Do you want to discuss truly dangerous drugs?  Consider SSRI antidepressants.  They are associated with a boatload of suicides, such that they are labelled with "black box" warnings, used for only the riskiest drugs.  Yet according to NBC, 12% of Americans take antidepressants, most of which are SSRIs.  They are associated with cardiac toxicity and arrhythmias, especially if taken with certain other drugs.  Are our public health officials using the media to warn us about this major public health risk?  


Chloroquine, and the related drug hydroxychloroquine, are naturally associated with some risk, as are all drugs.  But they have a very interesting benefit:  they kill SARS-2. They may also reduce the excessive inflammatory response that often leads to death.
 They have no "black box" warning and are sold over the counter in many countries.

The FDA approves and labels drugs based on their risks and benefits.  Thus a cancer drug, which may kill you, is approved because the cancer may also kill you, and FDA reasons that a greater level of risk is warranted under the circumstances.

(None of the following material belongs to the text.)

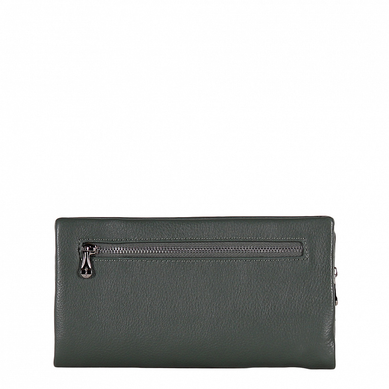 Полноразмерный кошелек складывается пополам, выполнен из натуральной кожи. Дополнен серебристой фурнитурой. Закрывается на магнитные кнопки.
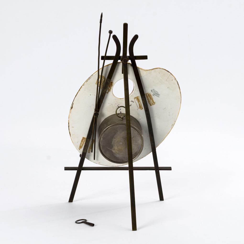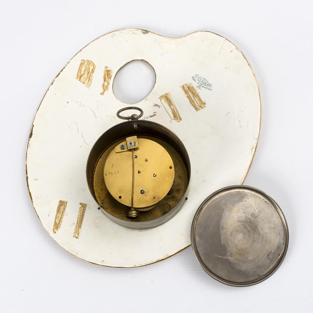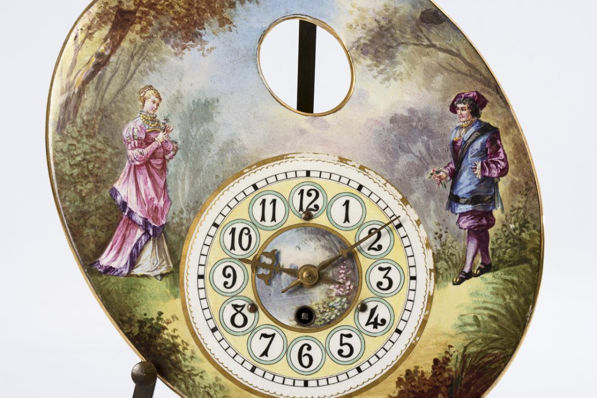Case with a historicizing motif of a pair of lovers in landscape. With separate eyelet suspension. Clock stand in the form of an easel with painting utensils. With 1 key. Glued edge chip, rubbing.

The primary risks of hydroxychloroquine are cardiac arrhythmia (not common, and generally only a problem when there is an interaction with other drugs the patient takes) or ophthalmic toxicity, which occurs almost exclusively with prolonged, cumulative use.  I check drug interactions when I prescribe hydroxychloroquine, and pharmacies do as well.  Used under these conditions it is a very safe drug.  I have prescribed it for lupus, Lyme disease and rheumatoid arthritis, and I took its cousin, chloroquine, for nearly a year for malaria prevention.  


Dr. Oz interviewed rheumatologist Daniel Wallace, MD (a favorite doc of mine for his writings on fibromyalgia) who has treated thousands of patients with hydroxychloroquine.  Dr. Wallace notes that as monotherapy (used alone, so there are no drug interactions), there are no reports in the medical literature of deaths from the drug. And none of his patients taking the drug have developed Covid-19.  At LA's Cedar-Sinai hospital, where he works, only one lupus patient on hydroxychloroquine, who took the drug intermittently,  has been admitted with Covid-19.  

In India, healthcare workers are being given this drug in the hope it will prevent SARS-CoV-2 infection, and India initially banned exports so it would have enough for its own population. The Indian Heart Rhythm Society has issued recommendations for the safe use of hydroxychloroquine. 


Yet Newsweek ran a major story 3 days ago which began:  "Hospital in France has had to stop an experimental treatment using hydroxychloroquine on at least one coronavirus patient after it became a "major risk" to their cardiac health."  Is Newsweek serious?  'At least' one patient had a well known, not unexpected side effect of a drug, in a foreign country, and it makes the headlines.  I hate to tell Newsweek, but Covid-19 causes respiratory failure, heart failure and death. In fact, Covid-19 by itself causes myocarditis and cardiac arrhythmias"
One review of severely ill patients in China found that about 40 percent suffered arrhythmias and 20 percent had some form of cardiac injury."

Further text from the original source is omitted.